▸ What the exercise asks: Set down every record below exactly as it stands, leaving out the pictures.

▸ Data supplied:
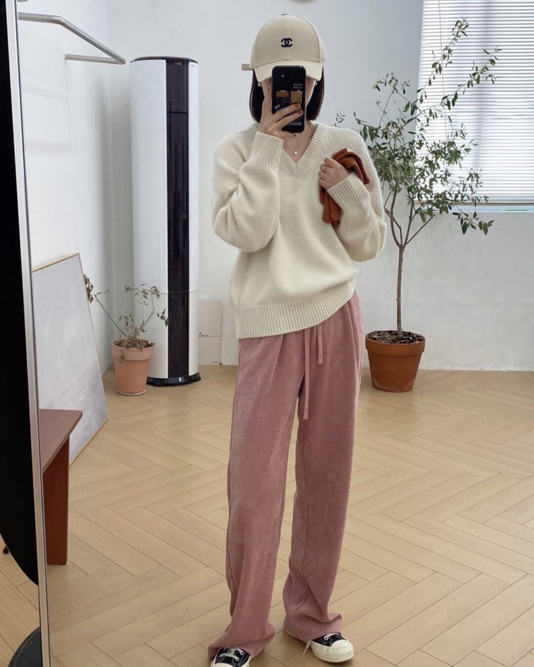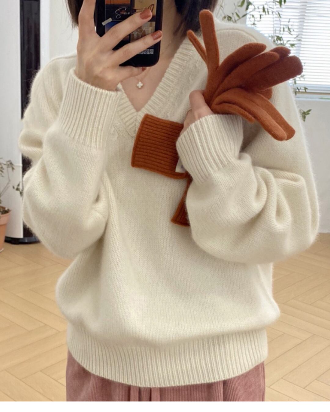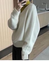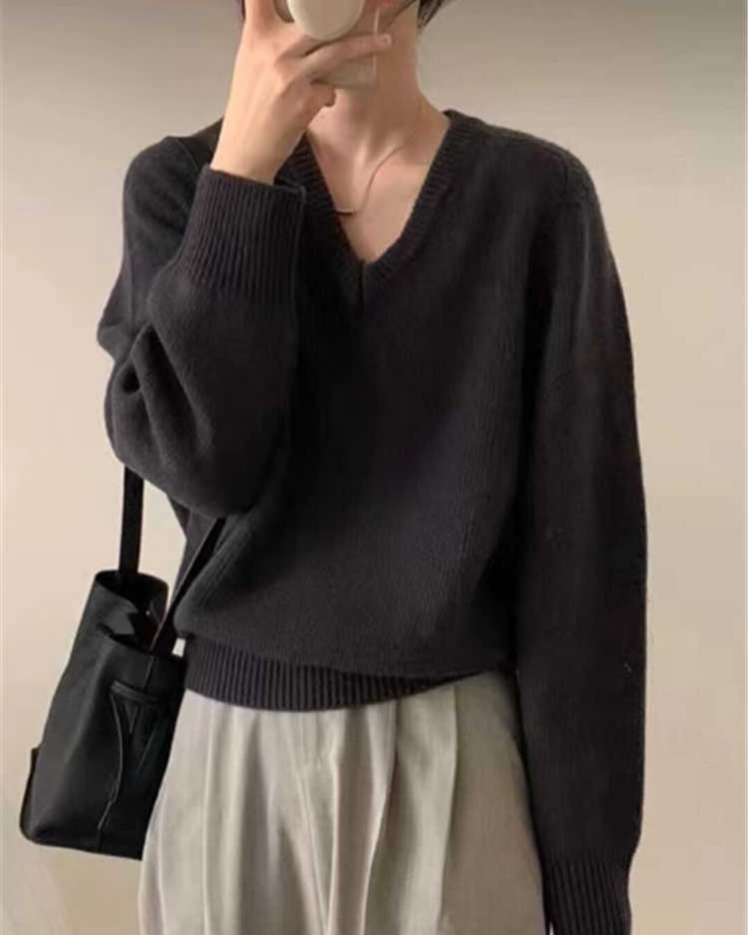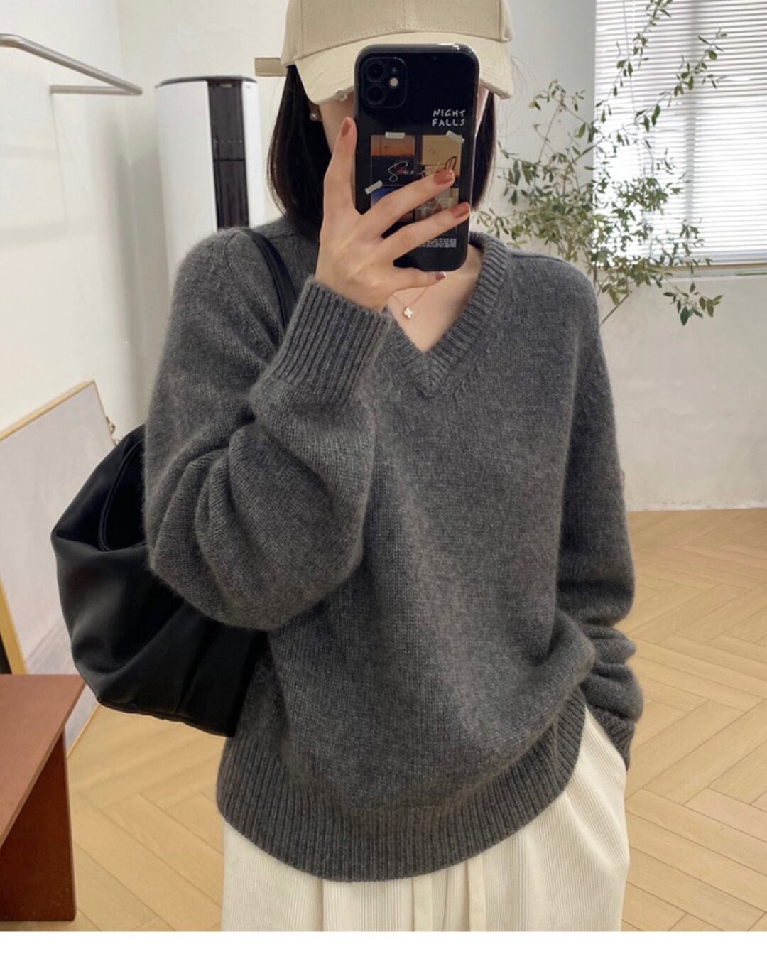 Vネックのリブニットオーバーサイズロングスリーブセーターは、一枚でこなれた雰囲気を演出する優秀アイテム。
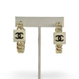 This is an authentic pair of Chanel CC chain hoop earrings crafted of gold-tone metal with enamel motif and post closure.
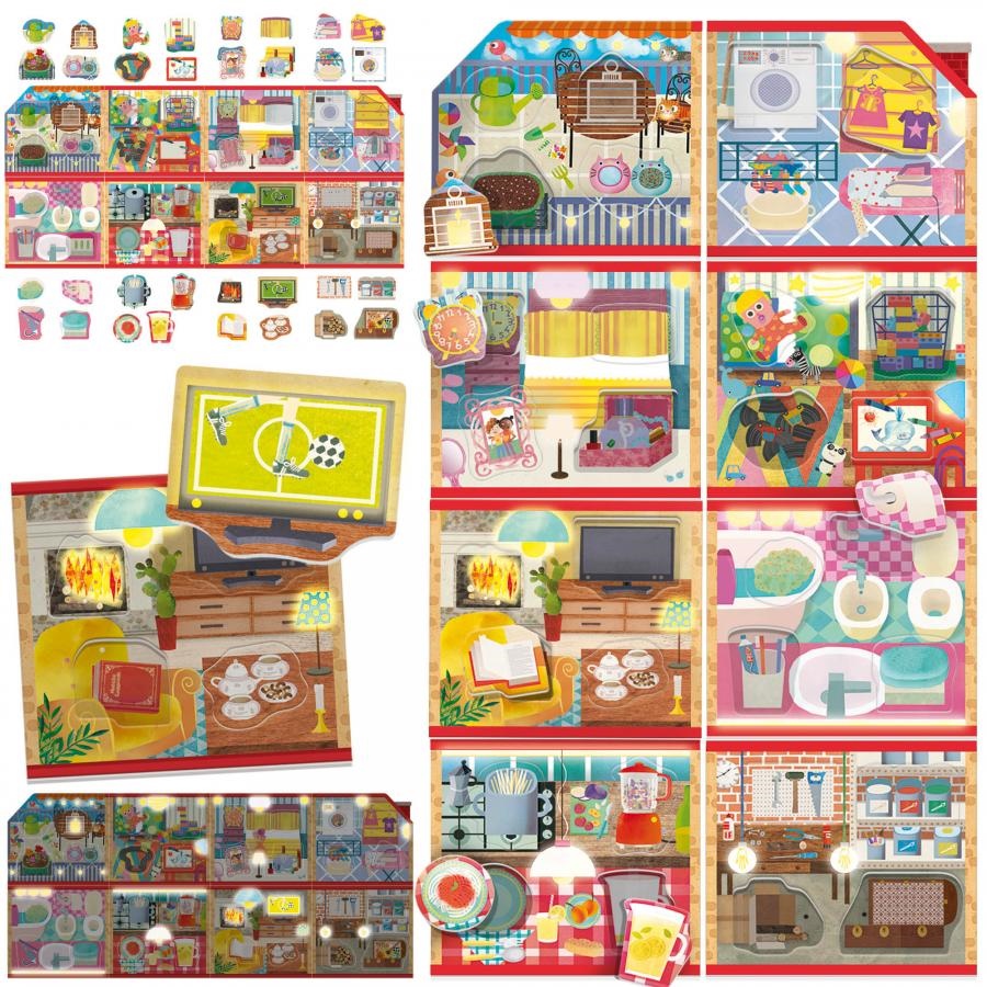 Поставете предметите на правилните места, сглобете отново и отново малката къща;
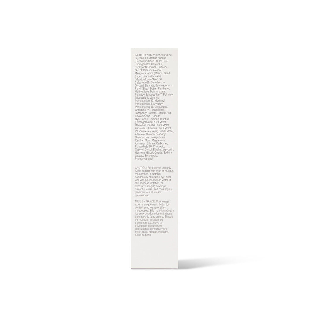 Key Ingredients:Anti-Aging PeptidesCoEnzyme Q10Green Tea ExtractRed Tea ExtractGrape Seed ExtractPomegranate ExtractMeadowfoam Seed OilShea ButterMango Seed ButterIngredients:Water/Aqua/Eau, Glycerin, Helianthus Annuus (Sunflower) Seed Oil, PEG-40 Hydrogenated Castor Oil, Cyclopentasiloxane, Butylene Glycol, Cetearyl Alcohol, Mangifera Indica (Mango) Seed Butter, Limnanthes Alba (Meadowfoam) Seed Oil, Ceteareth-20, Dimethicone, Glyceryl Stearate, Butyrospermum Parkii (Shea) Butter, Panthenol, Methylsilanol Mannuronate, Palmitoyl Tetrapeptide-7, Palmitoyl Tripeptide-1, Myristoyl Pentapeptide-12, Myristoyl Pentapeptide-8, Myristoyl Pentapeptide-11, Ubiquinone, Ceramide NG, Tocopherol, Tocopheryl Acetate, Linoleic Acid, Linolenic Acid, Sodium Hyaluronate, Punica Granatum (Pomegranate) Fruit Extract, Camellia Sinensis Leaf Extract, Aspalathus Linearis Leaf Extract, Vitis Vinifera (Grape) Seed Extract, Allantoin, Dimethicone/Vinyl Dimethicone Crosspolymer, Xanthan Gum, Magnesium Aluminum Silicate, Carbomer, Polysorbate 20, Citric Acid, Caprylyl Glycol, Ethylhexylglycerin, Hexylene Glycol, Quartz, Sodium Lactate, Sorbic Acid, Phenoxyethanol
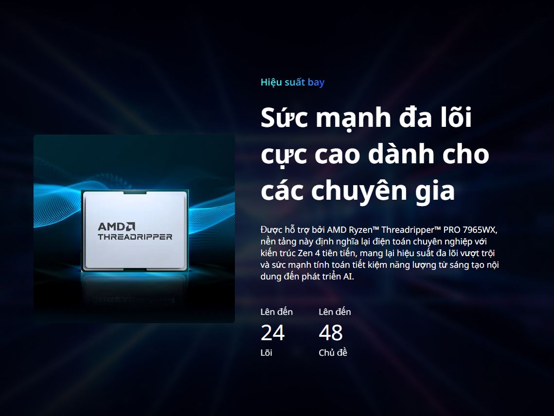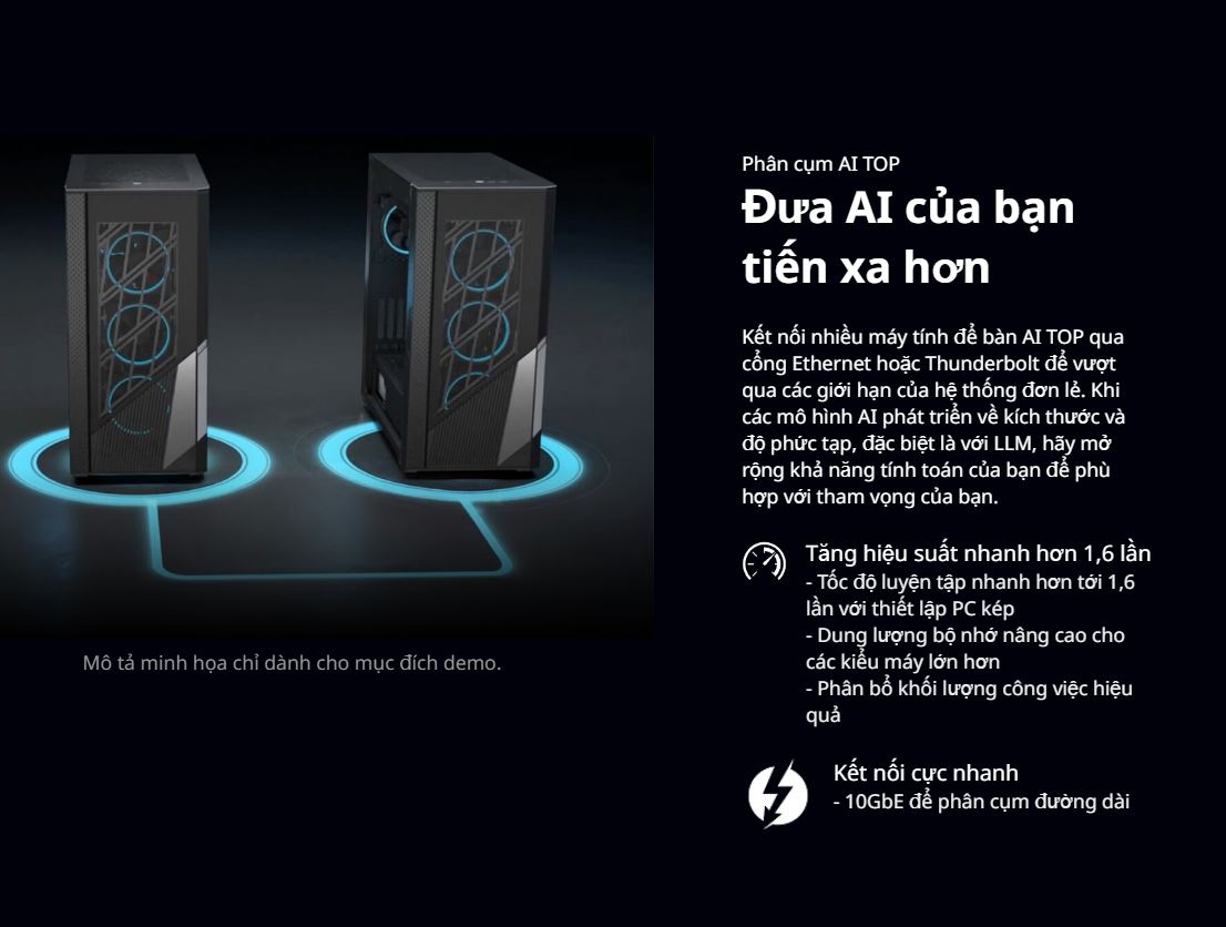 - Mở rộng Sức mạnh Linh hoạt: Kiến trúc TRX50 với 4 khe PCIe 5.0 x16 cho phép người dùng dễ dàng nâng cấp hoặc gắn thêm các card xử lý AI chuyên dụng (accelerator) hoặc GPU trong tương lai. Tính năng kết nối Dual 10GbE và Thunderbolt 5 cho phép biến máy trạm này thành một nút (node) mạnh mẽ trong cụm máy tính AI lớn hơn khi nhu cầu phát triển.
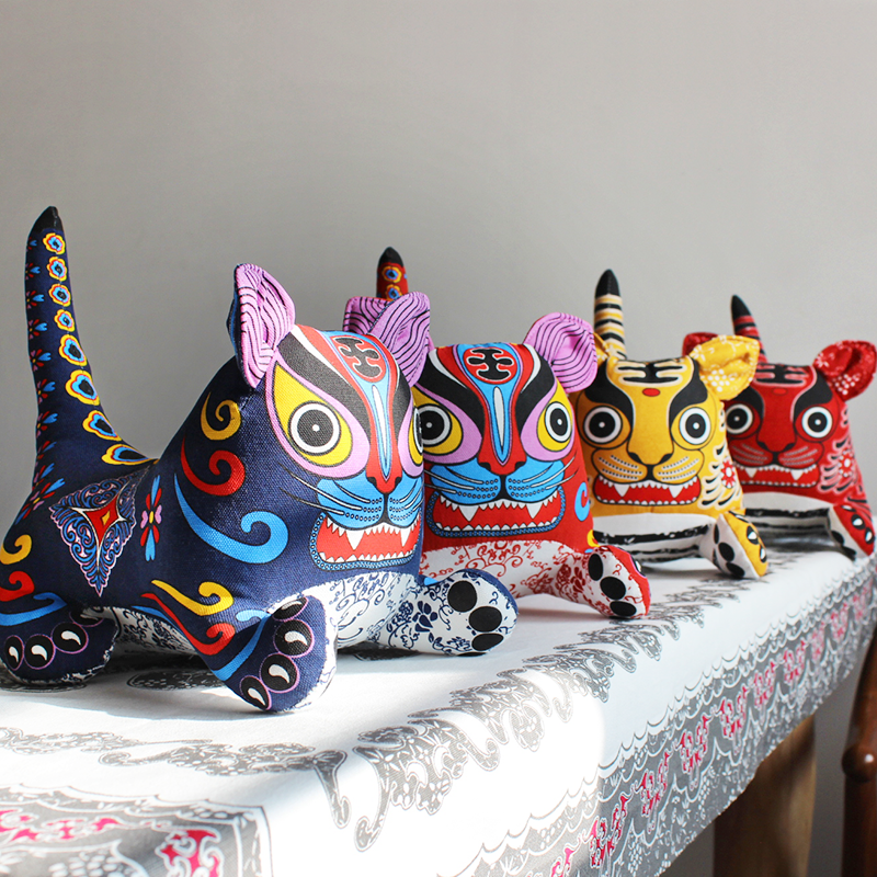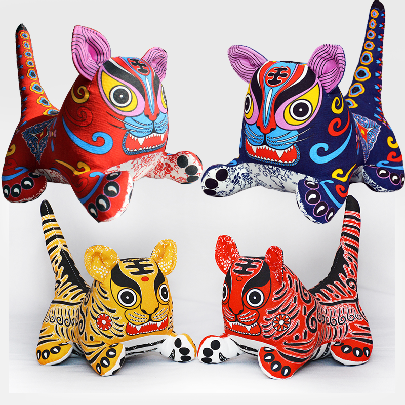 布老虎 传统手工印染民间工艺品中式特色 纯棉布络虎摆件春晚同款

▸ Response to the exercise:
 Vネックのリブニットオーバーサイズロングスリーブセーターは、一枚でこなれた雰囲気を演出する優秀アイテム。
 This is an authentic pair of Chanel CC chain hoop earrings crafted of gold-tone metal with enamel motif and post closure.
 Поставете предметите на правилните места, сглобете отново и отново малката къща;
 Key Ingredients:Anti-Aging PeptidesCoEnzyme Q10Green Tea ExtractRed Tea ExtractGrape Seed ExtractPomegranate ExtractMeadowfoam Seed OilShea ButterMango Seed ButterIngredients:Water/Aqua/Eau, Glycerin, Helianthus Annuus (Sunflower) Seed Oil, PEG-40 Hydrogenated Castor Oil, Cyclopentasiloxane, Butylene Glycol, Cetearyl Alcohol, Mangifera Indica (Mango) Seed Butter, Limnanthes Alba (Meadowfoam) Seed Oil, Ceteareth-20, Dimethicone, Glyceryl Stearate, Butyrospermum Parkii (Shea) Butter, Panthenol, Methylsilanol Mannuronate, Palmitoyl Tetrapeptide-7, Palmitoyl Tripeptide-1, Myristoyl Pentapeptide-12, Myristoyl Pentapeptide-8, Myristoyl Pentapeptide-11, Ubiquinone, Ceramide NG, Tocopherol, Tocopheryl Acetate, Linoleic Acid, Linolenic Acid, Sodium Hyaluronate, Punica Granatum (Pomegranate) Fruit Extract, Camellia Sinensis Leaf Extract, Aspalathus Linearis Leaf Extract, Vitis Vinifera (Grape) Seed Extract, Allantoin, Dimethicone/Vinyl Dimethicone Crosspolymer, Xanthan Gum, Magnesium Aluminum Silicate, Carbomer, Polysorbate 20, Citric Acid, Caprylyl Glycol, Ethylhexylglycerin, Hexylene Glycol, Quartz, Sodium Lactate, Sorbic Acid, Phenoxyethanol
 - Mở rộng Sức mạnh Linh hoạt: Kiến trúc TRX50 với 4 khe PCIe 5.0 x16 cho phép người dùng dễ dàng nâng cấp hoặc gắn thêm các card xử lý AI chuyên dụng (accelerator) hoặc GPU trong tương lai. Tính năng kết nối Dual 10GbE và Thunderbolt 5 cho phép biến máy trạm này thành một nút (node) mạnh mẽ trong cụm máy tính AI lớn hơn khi nhu cầu phát triển.
 布老虎 传统手工印染民间工艺品中式特色 纯棉布络虎摆件春晚同款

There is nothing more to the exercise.